The SEC and the U.S. securities exchanges are extremely effective in detecting insider trading. The SEC and the U.S. Department of Justice have prosecuted cases involving trading or tipping by employees at all levels of a business, trading or tipping by family members and friends, trading involving offshore accounts and trading involving only a small amount of stock. The consequences of insider trading violations can be severe:

For individuals who trade on inside information (or tip information to others):

 

   

civil penalties of up to three times the profit gained or loss avoided;

 

   

criminal fines (no matter how small the profit); and

 

   

jail terms.

For a company (as well as possibly any supervisory person) that fails to take appropriate steps to prevent illegal trading, civil and criminal penalties.

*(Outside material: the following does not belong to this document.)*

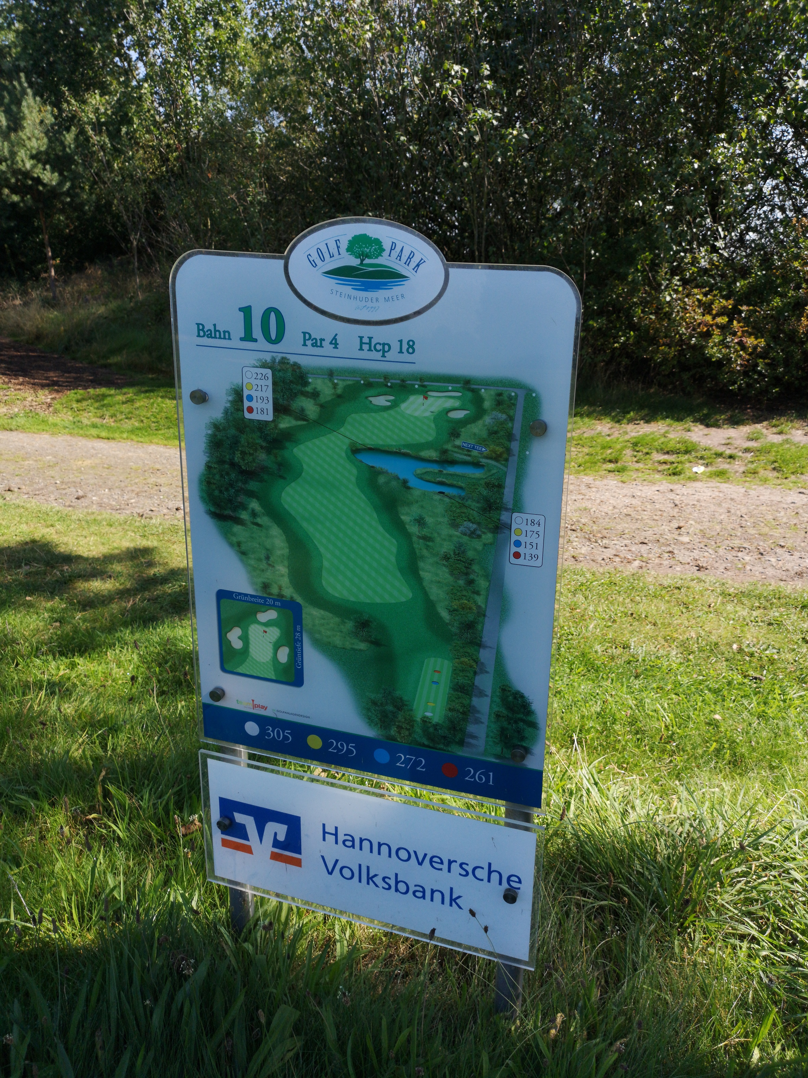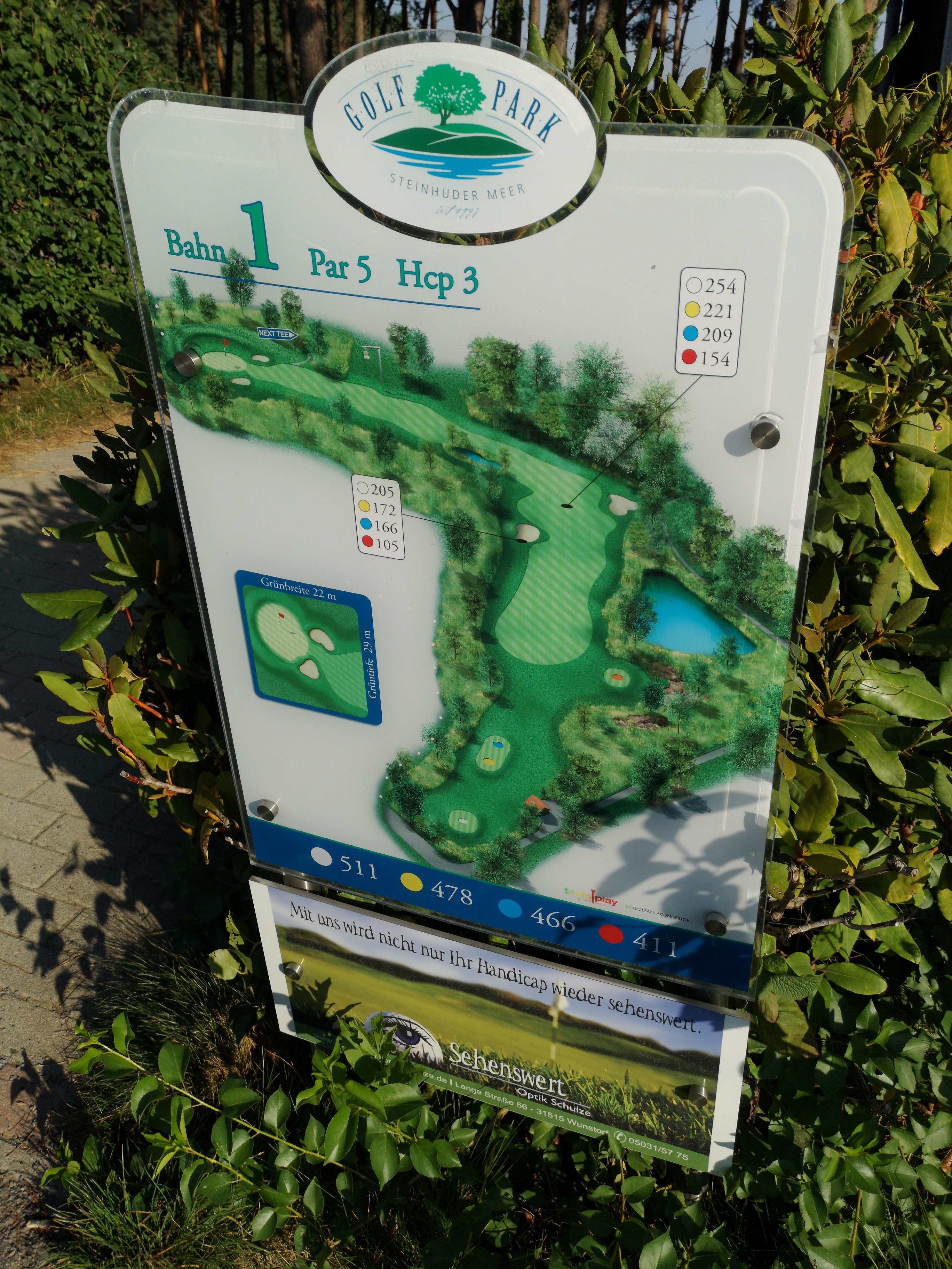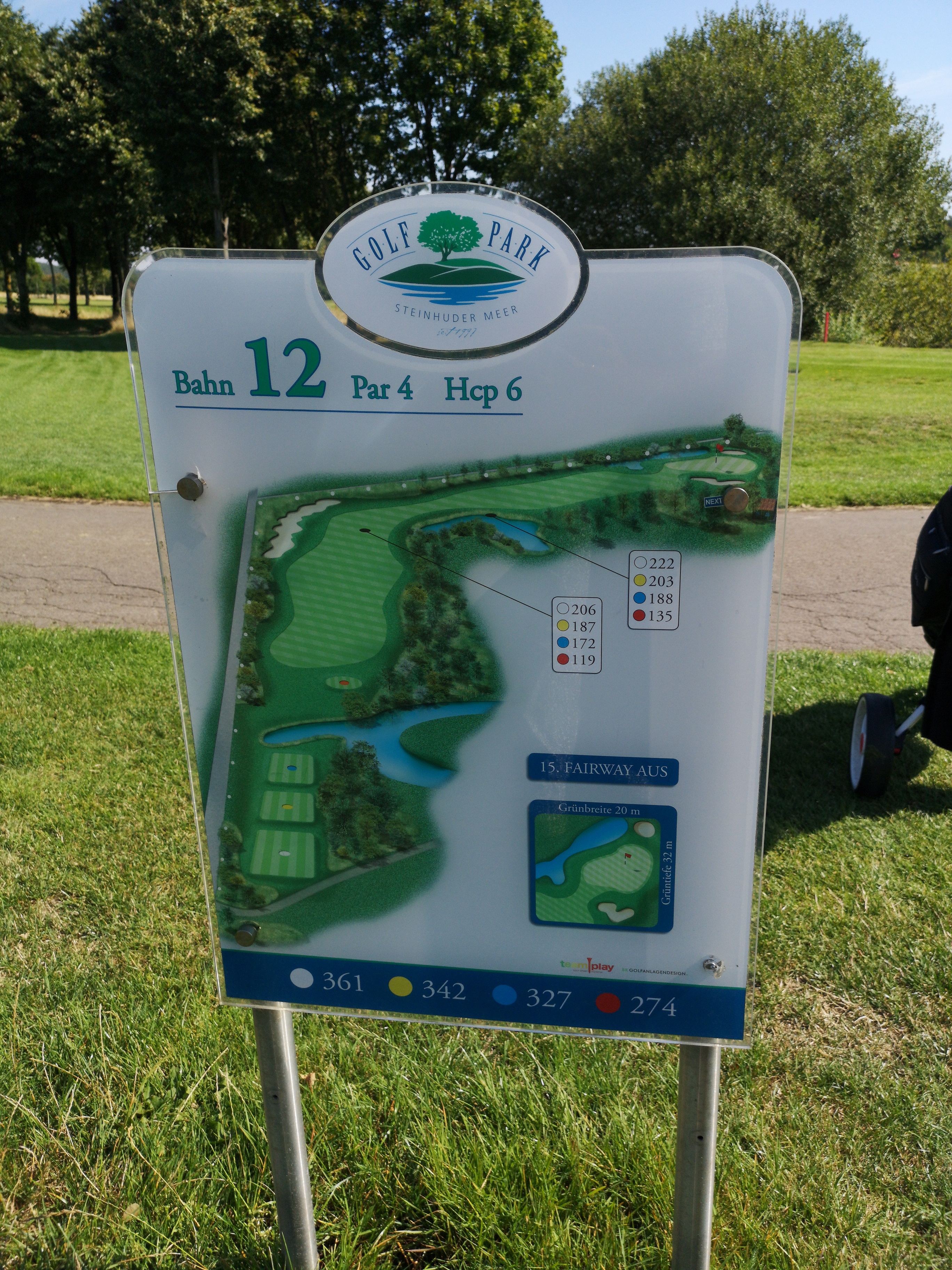 Vor uns waren zwei Spieler im Cart schon unterwegs und wir konnten erst einmal die Tafel mit der Bahnenbeschreibung studieren. Diese Tafeln finde ich im GolfPark Steinhuder Meer wirklich gut gelungen.

Moreover, if any employee violates this Policy, the Company may impose sanctions, including dismissal for misconduct or cause. In addition, the Company may seek reimbursement from an employee for any fees or expenses incurred by the Company directly as a result of such employee’s violation of this Policy. Needless to say, any of the above consequences, even an investigation by the SEC that does not result in prosecution, can tarnish the reputation of the Company, its management and the person involved, and irreparably damage a career.

X. Assistance

Any person who has any questions about this Policy or about specific transactions may contact the Company’s General Counsel or his or her designee. Remember, however, that the ultimate responsibility for adhering to this Policy and avoiding improper transactions rests with you. In this regard, it is imperative that you use your best judgment and to ask before acting if you are unsure.